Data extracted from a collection
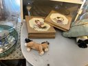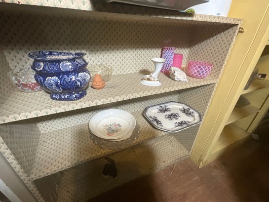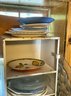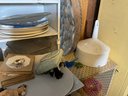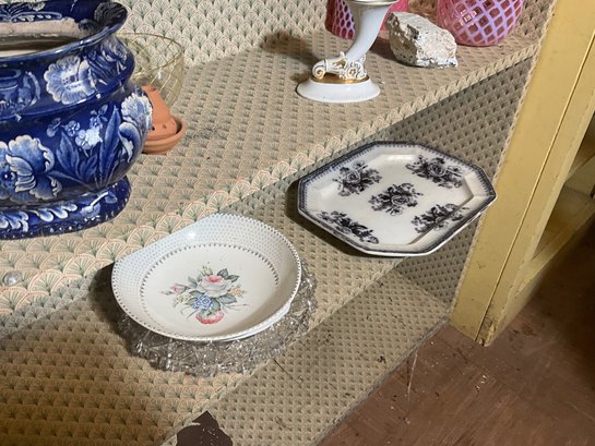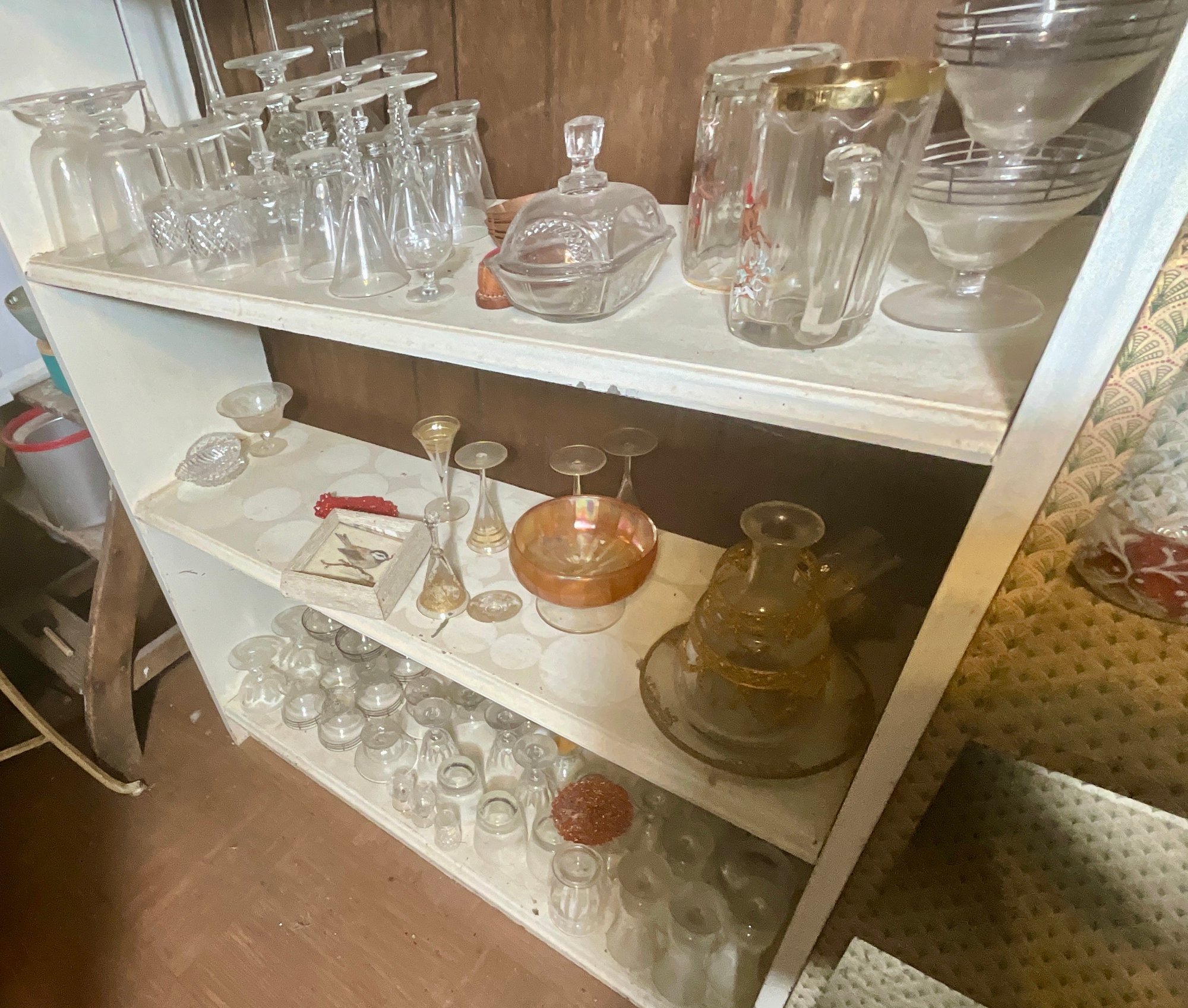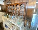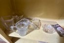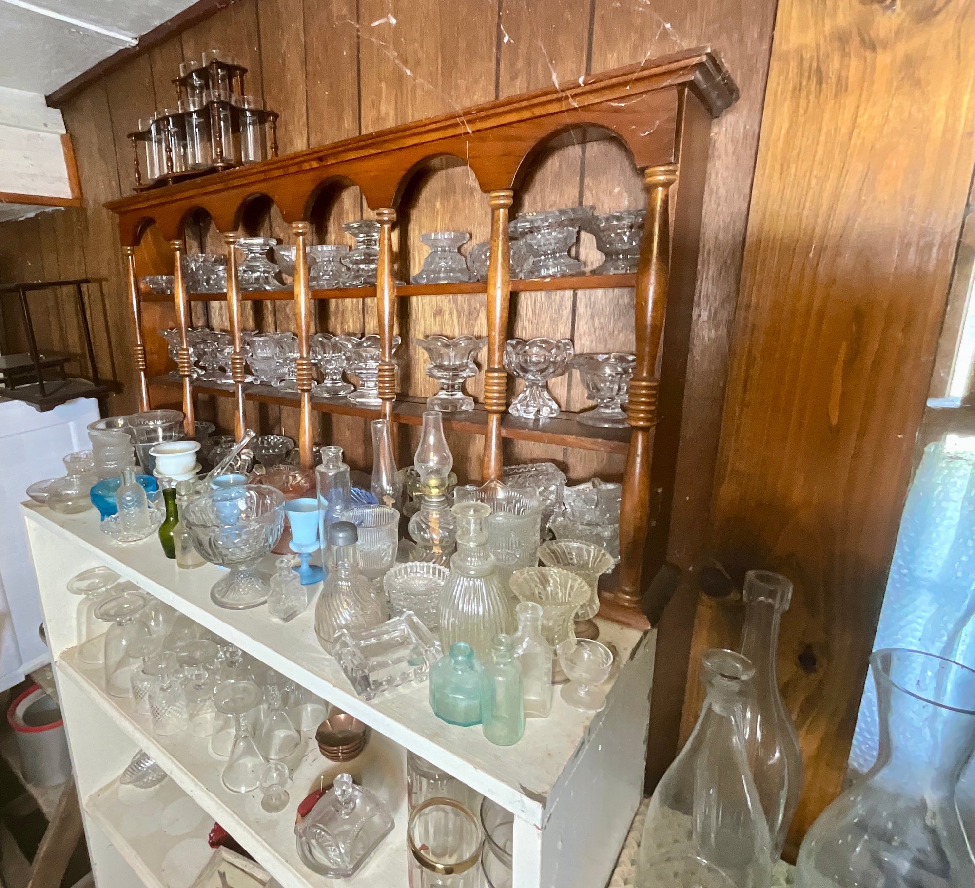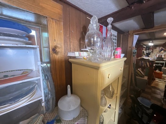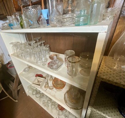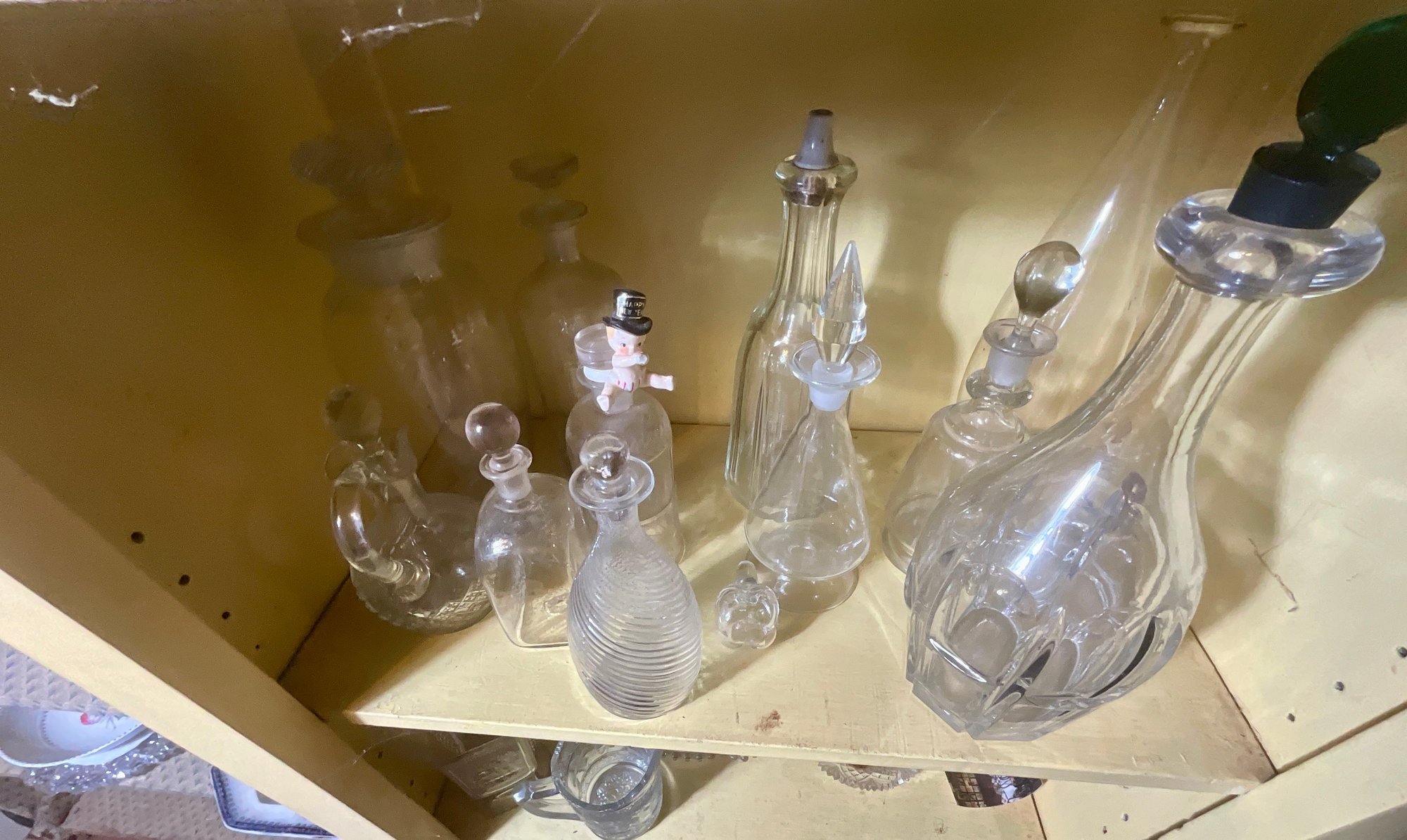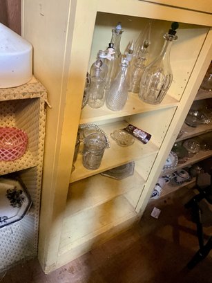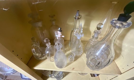 A large collection of glass decanters, platters, small clear glass dishes, cordial glasses, wines and more.
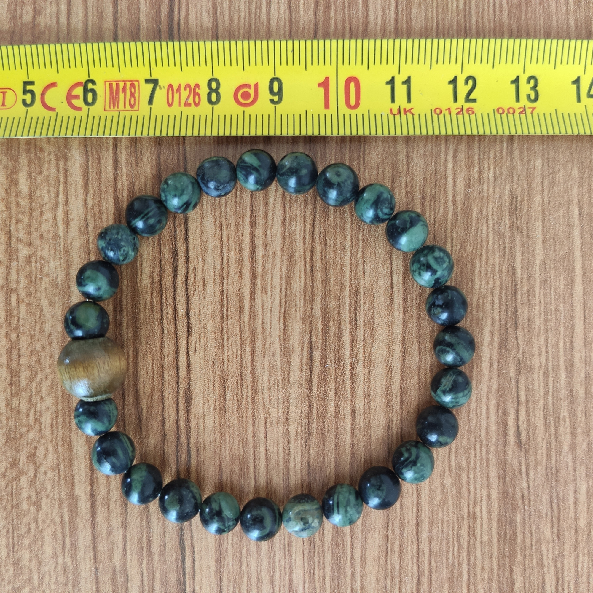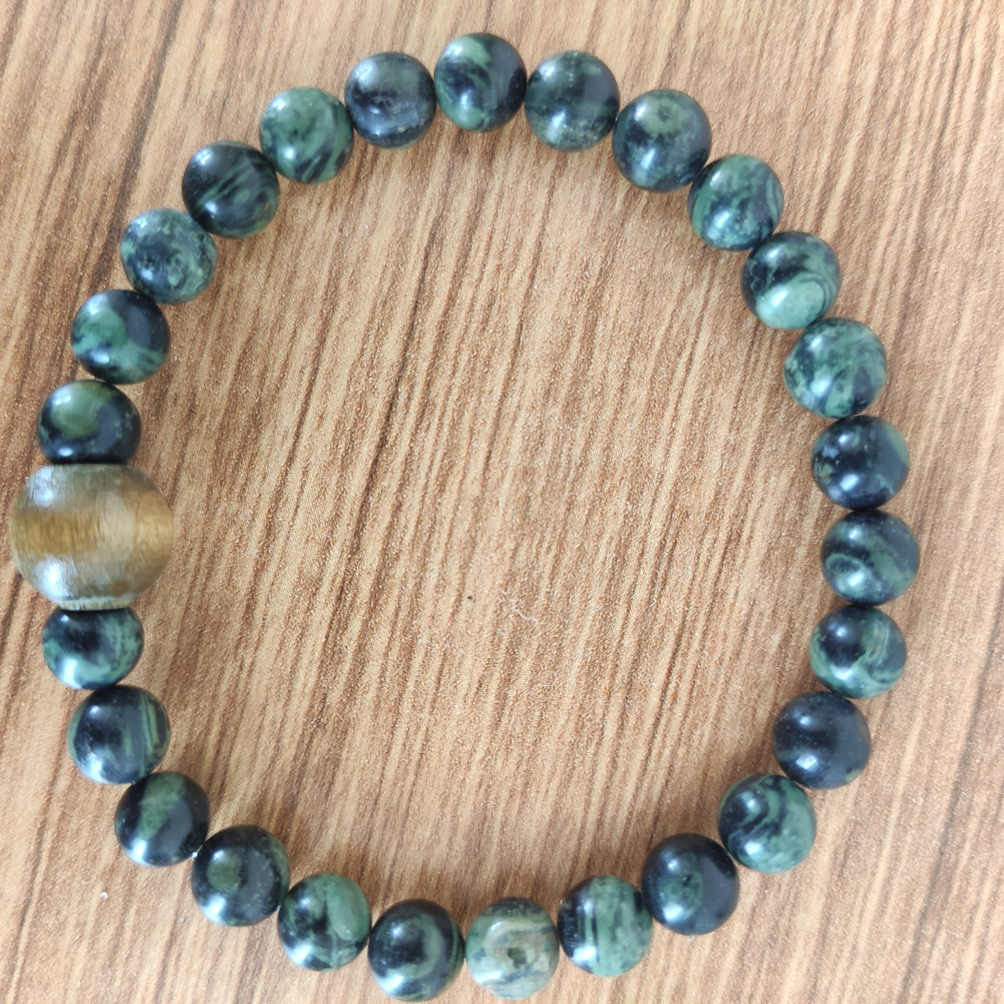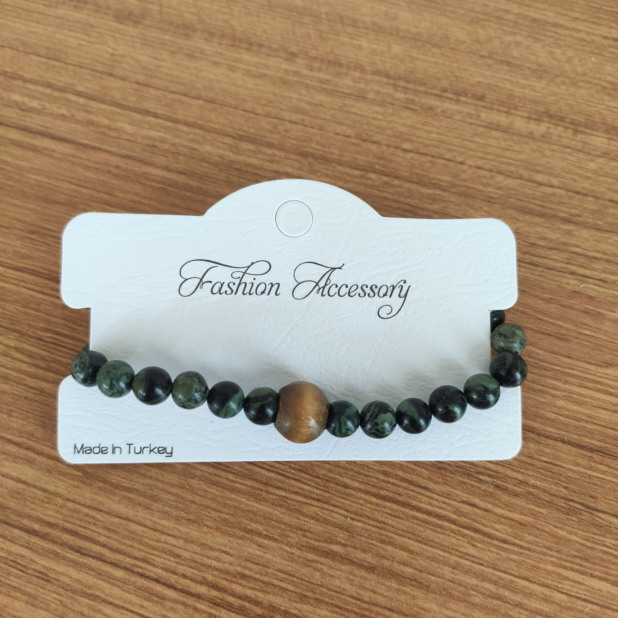 • Tasarım: Pürüzsüz Yeşim taşı boncukları, aralarına yerleştirilmiş zarif metal ara parçaları ve merkezi bir ahşap boncuk ile elastik bir misinaya dizilmiştir.
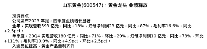 值得注意的是:2024年04月浙商证券的施毅分析师,首次发布关于山东黄金的研究报告,标题为:山东黄金(600547):黄金龙头 业绩释放。
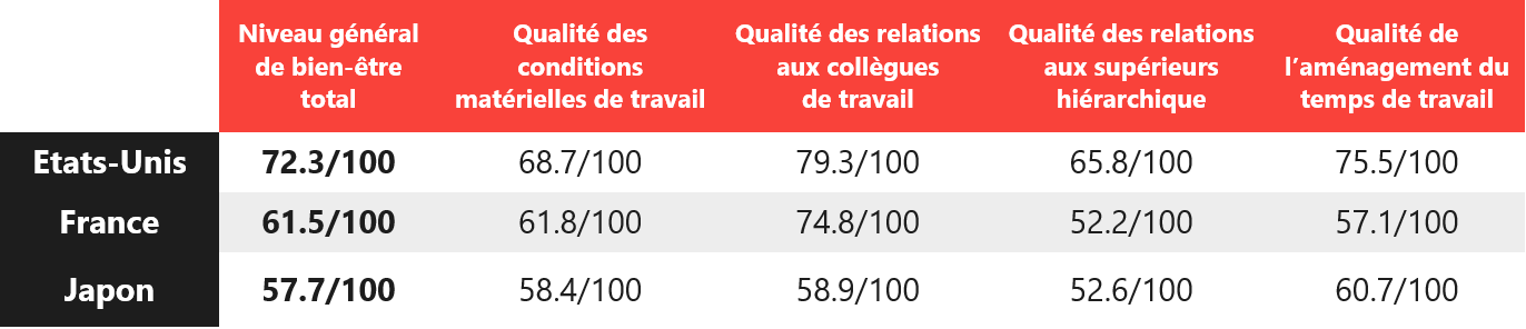 Ce score général correspond au cumul de quatre aspects fondamentaux du travail : la qualité des conditions matérielles de travail, celles des relations aux collègues de travail et au manager et, enfin, la qualité de l’aménagement du temps de travail (volume et stabilité des horaires, équilibre vie privée – vie professionnelle). Les Américains ne sont dépassés sur aucun de ces aspects. Les Français luttent pour ne pas être distancés en matière de conditions de travail et de relations entre collègues, sans grand succès il est vrai. Malgré les 35 heures, les scores exprimés au sujet du temps de travail les placent derrière les japonais (57,1) ! Loin devant, les Américains semblent tout à fait heureux dans ce domaine (75,5). La règlementation, quand elle existe, y est pourtant beaucoup plus lâche. Effectuer 50 heures hebdomadaires ne relève pas de l’exploit légendaire tandis que la récupération estivale excède rarement les deux semaines. Il reste à savoir si les Français sont frustrés par les contrôles de la DIRECCTE qui les empêchent de travailler davantage ou s’ils ramènent trop de travail à la maison…
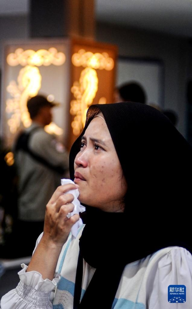7月3日,在印度尼西亚东爪哇省的吉打邦港,一名乘客的亲属等待消息时擦拭眼泪。
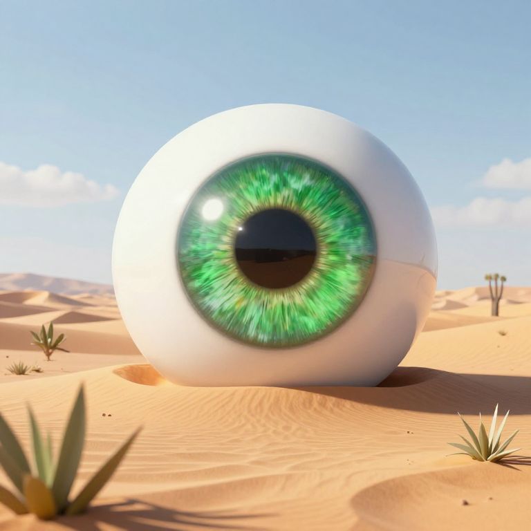 In a surreal 3D-rendered desert landscape, a colossal human-like eye emerges from the sand, its vibrant green iris and black pupil mirroring the surrounding ecosystem, blending digital artistry with natural realism.
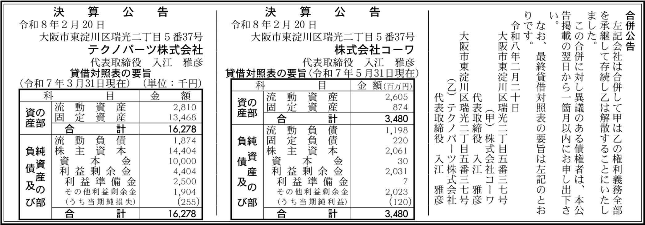 テクノパーツ株式会社 大阪市東淀川区 【2025年3月期】 |
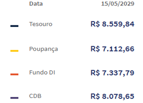 Para essa simulação, considerou-se o IPCA de 3,5% ao ano e o CDI de 8,75%, conforme projeções do Boletim Focus, do Banco Central. Nesse exemplo, a rentabilidade bruta de um CDB (certificado de depósito bancário) com retorno de 100% do CDI apresentou uma tendência menor de ganhos.

→ **THE TASK**
All of the data is to be reproduced exactly, with the pictures left out.

→ **RESPONSE AREA**
 A large collection of glass decanters, platters, small clear glass dishes, cordial glasses, wines and more.
 • Tasarım: Pürüzsüz Yeşim taşı boncukları, aralarına yerleştirilmiş zarif metal ara parçaları ve merkezi bir ahşap boncuk ile elastik bir misinaya dizilmiştir.
 值得注意的是:2024年04月浙商证券的施毅分析师,首次发布关于山东黄金的研究报告,标题为:山东黄金(600547):黄金龙头 业绩释放。
 Ce score général correspond au cumul de quatre aspects fondamentaux du travail : la qualité des conditions matérielles de travail, celles des relations aux collègues de travail et au manager et, enfin, la qualité de l’aménagement du temps de travail (volume et stabilité des horaires, équilibre vie privée – vie professionnelle). Les Américains ne sont dépassés sur aucun de ces aspects. Les Français luttent pour ne pas être distancés en matière de conditions de travail et de relations entre collègues, sans grand succès il est vrai. Malgré les 35 heures, les scores exprimés au sujet du temps de travail les placent derrière les japonais (57,1) ! Loin devant, les Américains semblent tout à fait heureux dans ce domaine (75,5). La règlementation, quand elle existe, y est pourtant beaucoup plus lâche. Effectuer 50 heures hebdomadaires ne relève pas de l’exploit légendaire tandis que la récupération estivale excède rarement les deux semaines. Il reste à savoir si les Français sont frustrés par les contrôles de la DIRECCTE qui les empêchent de travailler davantage ou s’ils ramènent trop de travail à la maison…
7月3日,在印度尼西亚东爪哇省的吉打邦港,一名乘客的亲属等待消息时擦拭眼泪。
 In a surreal 3D-rendered desert landscape, a colossal human-like eye emerges from the sand, its vibrant green iris and black pupil mirroring the surrounding ecosystem, blending digital artistry with natural realism.
 テクノパーツ株式会社 大阪市東淀川区 【2025年3月期】 |
 Para essa simulação, considerou-se o IPCA de 3,5% ao ano e o CDI de 8,75%, conforme projeções do Boletim Focus, do Banco Central. Nesse exemplo, a rentabilidade bruta de um CDB (certificado de depósito bancário) com retorno de 100% do CDI apresentou uma tendência menor de ganhos.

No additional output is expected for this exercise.